**Supplied material**
- - - - -

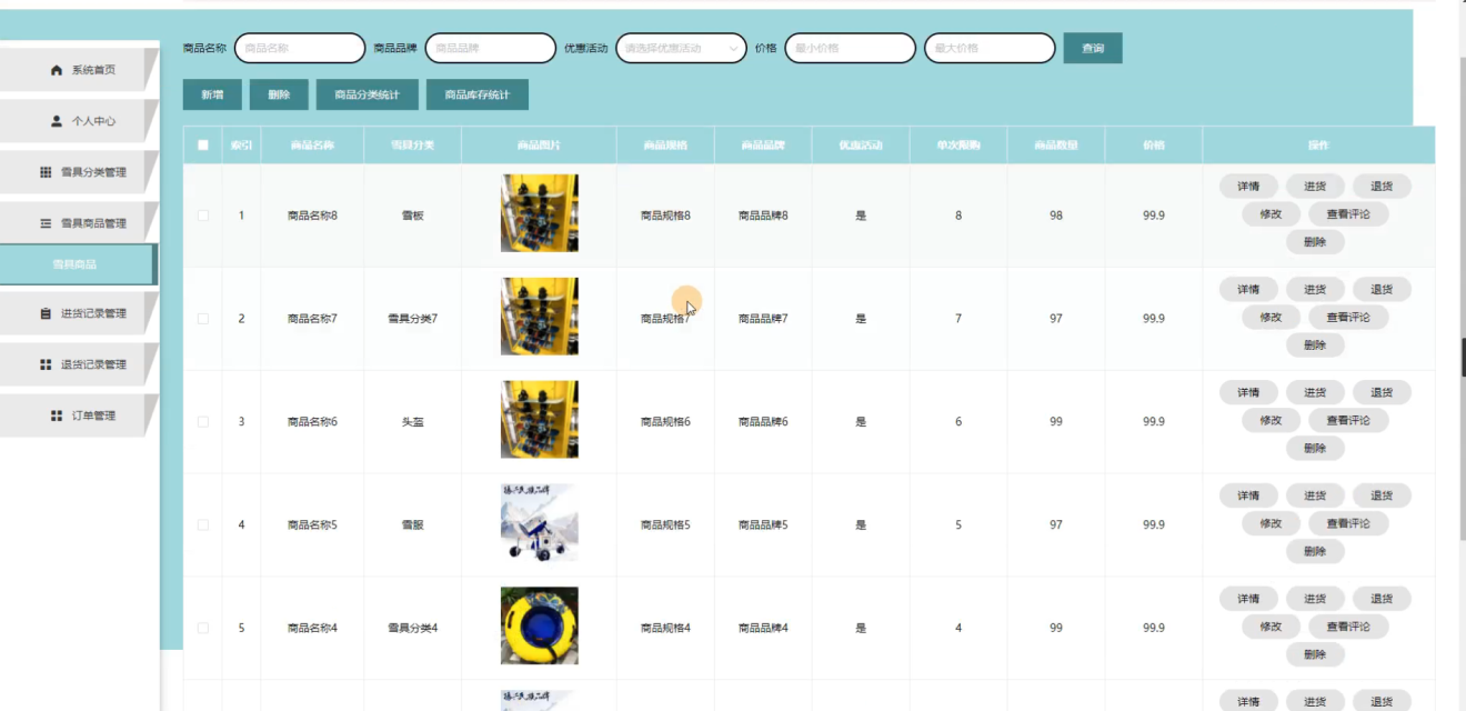 管理员点击雪具商品管理。在雪具商品页面输入商品名称、商品品牌、价格和选择优惠活动进行查询、商品分类统计、商品库存统计、新增或删除雪具商品列表,并根据需要对雪具商品详情信息进行详情、查看评论、修改或删除操作;如图5-10所示:
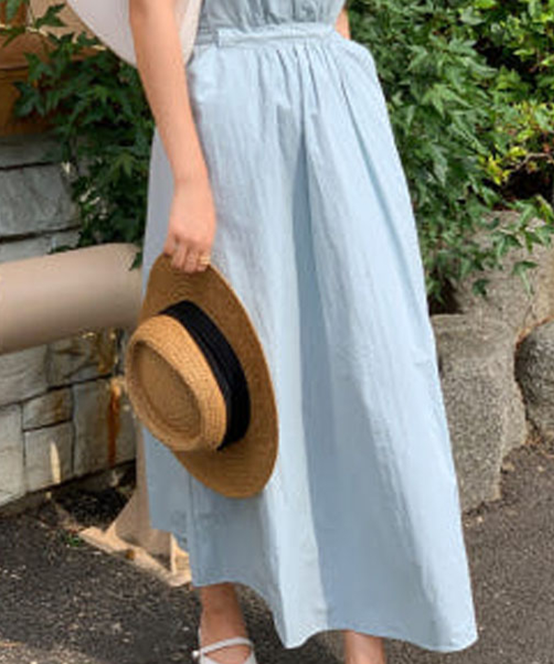 Aラインに広がるスカートシルエットで
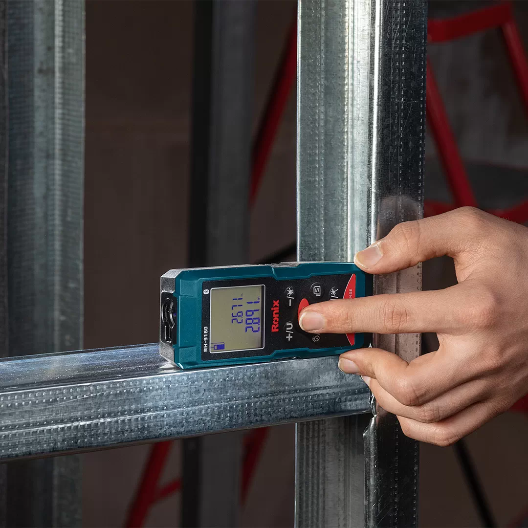 متر لیزری هوشمند و بلوتوثدار RH-9180 رونیکس با برد 80 متر، دارای تایمر مخصوص زمانبندی است و رزولوشن، دقت و سرعت اندازهگیری بالایی را به کاربران ارائه میدهد. RH-9180 با عملکرد Stake out، فاصله واقعی و مشخصشده را با رنگهای مختلف نشان میدهد

- - - - -

**What you are asked to do**
Where pictures occur in the material above, omit them and return everything else exactly.

**Response below**
 管理员点击雪具商品管理。在雪具商品页面输入商品名称、商品品牌、价格和选择优惠活动进行查询、商品分类统计、商品库存统计、新增或删除雪具商品列表,并根据需要对雪具商品详情信息进行详情、查看评论、修改或删除操作;如图5-10所示:
 Aラインに広がるスカートシルエットで
 متر لیزری هوشمند و بلوتوثدار RH-9180 رونیکس با برد 80 متر، دارای تایمر مخصوص زمانبندی است و رزولوشن، دقت و سرعت اندازهگیری بالایی را به کاربران ارائه میدهد. RH-9180 با عملکرد Stake out، فاصله واقعی و مشخصشده را با رنگهای مختلف نشان میدهد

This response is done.